Bei einem pathologischen CTG wurde in der 38. Schwangerschaftswoche eine primäre Sectio durchgeführt. Hierbei fand sich eine dreifache straffe Nabelschnurumschlingung. Der perinatale Verlauf war komplikationslos, das Kind hatte sich rasch erholt. Unmittelbar postnatal zeigte sich eine ausgeprägte Normoblastose mit Zeichen einer Hämolyse, die sich im weiteren Verlauf spontan normalisierte. Kernspintomographisch fand sich eine generalisierte Sinusthrombose mit intraparenchymatösen Blutungen und einem hämorrhagischen Verschlußhydrozephalus, der die Implantation eines Rickham-Resorvoirs erforderlich machte.

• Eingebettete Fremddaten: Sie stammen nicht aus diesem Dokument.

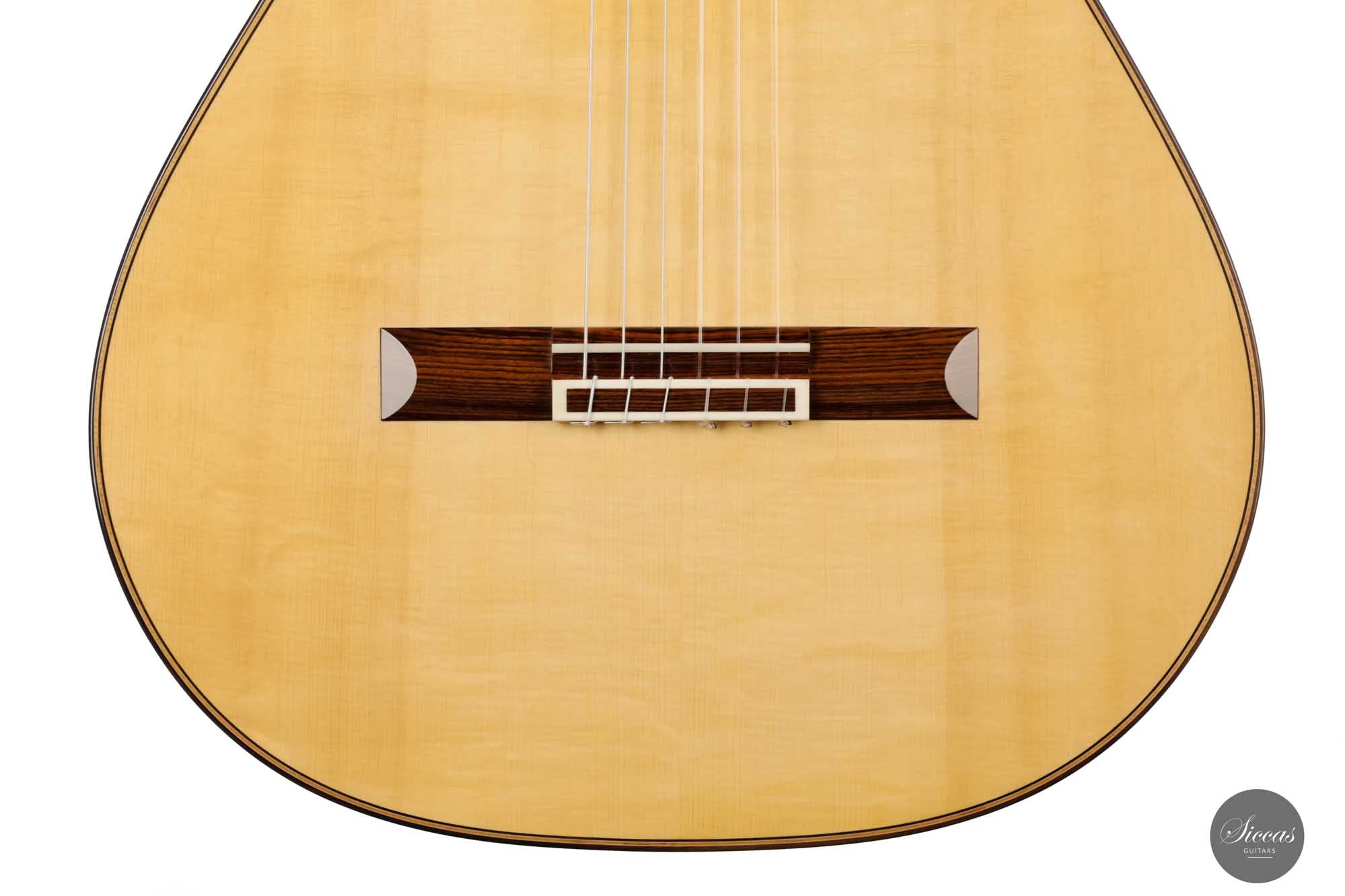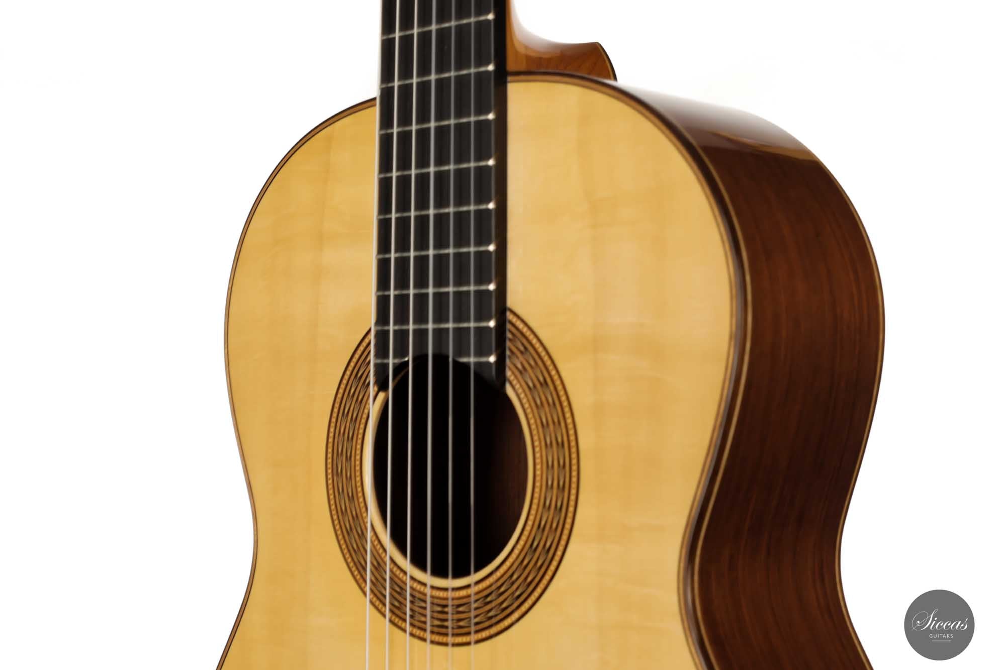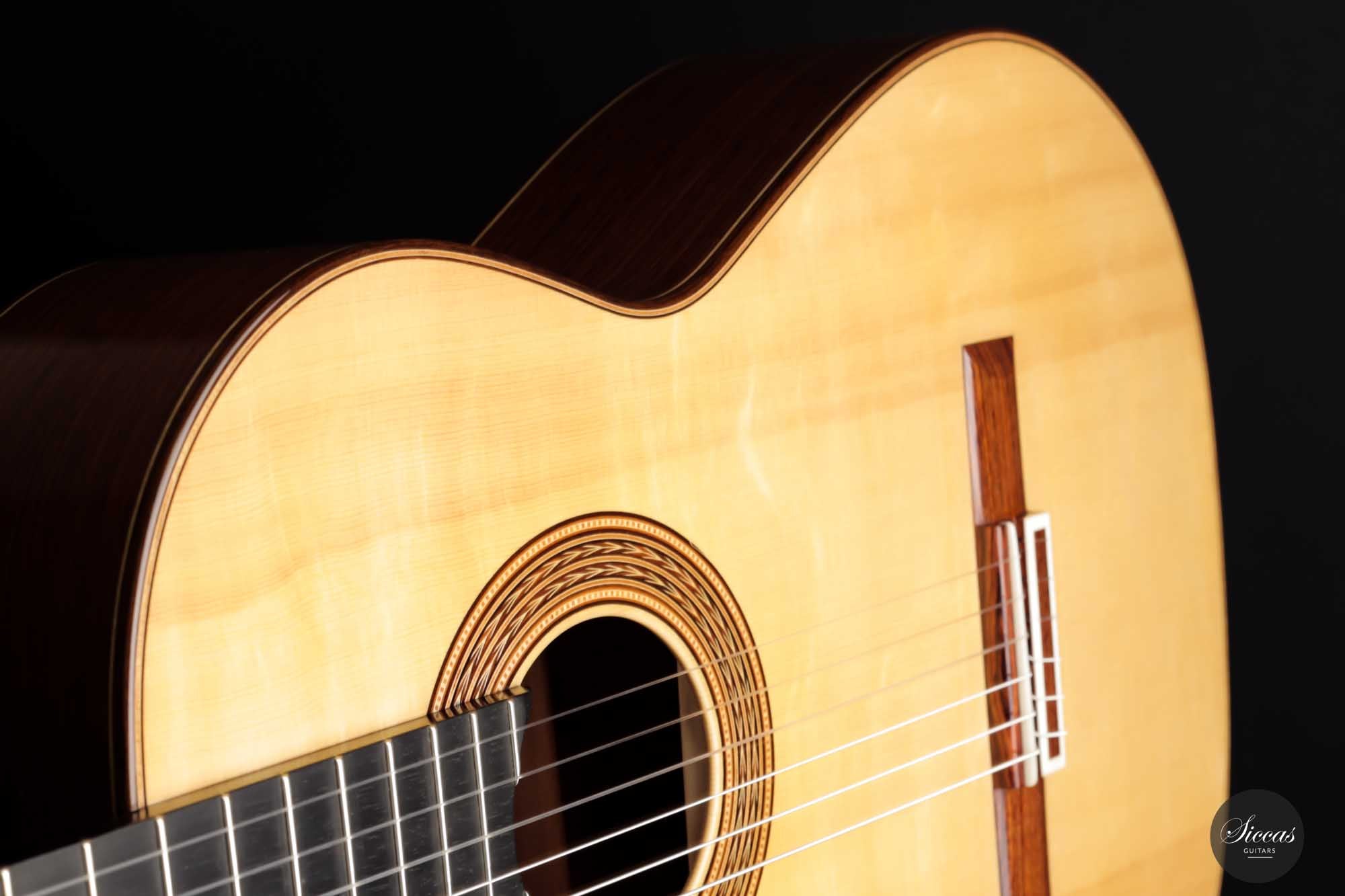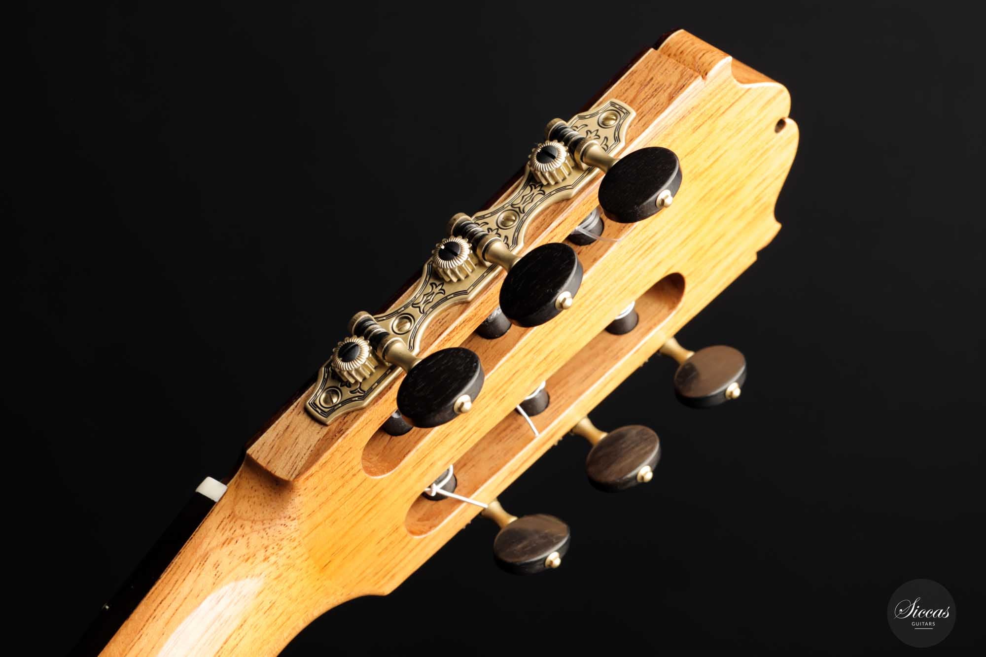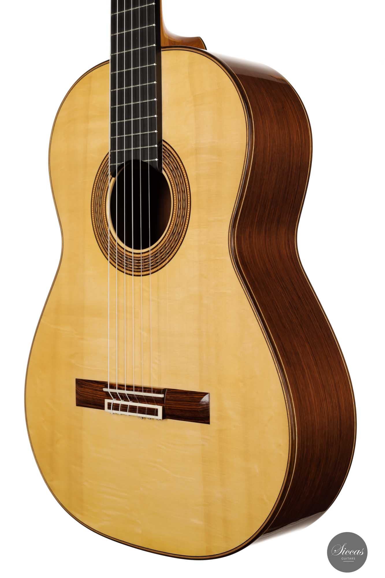 Matthias builds guitars optically and technically in the Spanish tradition, thoroughly selecting and hand picking each piece of wood. His goal in guitar making is not the instruments' superficial volume but the tone's sustainability, which originates from a rich overtone spectrum. Instead of optical overload, Matthias aims for a classical elegance that relies on carefully well-balanced proportions and inspiring tone.

Zum Verständnis des Pathomechanismus war der mutmaßliche Zeitpunkt der Hirnblutung von entscheidender Bedeutung:

Im frühen subakutem Stadium eines Hämatoms (etwa 3 Tage nach dem Ereignis) wird Deoxyhämoglobin zu Methämoglobin umgewandelt. Methämoglobin ist paramagnetisch wirksam. Durch die Dipol-Dipol Wechselwirkung kommt es zu einer T1-Verkürzung und somit zu einem Signalanstieg auf den T1-gewichteten Aufnahmen. Solange das Methämoglobin noch intrazellulär liegt, ist aufgrund der T2-Verkürzung eine Signalminderung bis Signalauslöschung auf den T2-gewichteten Aufnahmen nachzuweisen. Beim späten subakuten Stadium (nach etwa 7 Tagen) kommt es zu einer Lyse der Erythrozyten und somit zu einer Freisetzung von Methämoglobin. Eine T1-Verkürzung bleibt bestehen, es findet sich somit weiterhin ein hohes Signal auf den T1-gewichteten Aufnahmen. Der T2-Verkürzungseffekt herrscht jedoch nicht mehr vor, so daß die Signalintensität in diesem Stadium auf den T2-gewichteten Aufnahmen ansteigt. Diese Signalintensitätsverteilung mit Übergang zum späten subakuten Stadium korreliert relativ gut zu dem geschilderten Fall.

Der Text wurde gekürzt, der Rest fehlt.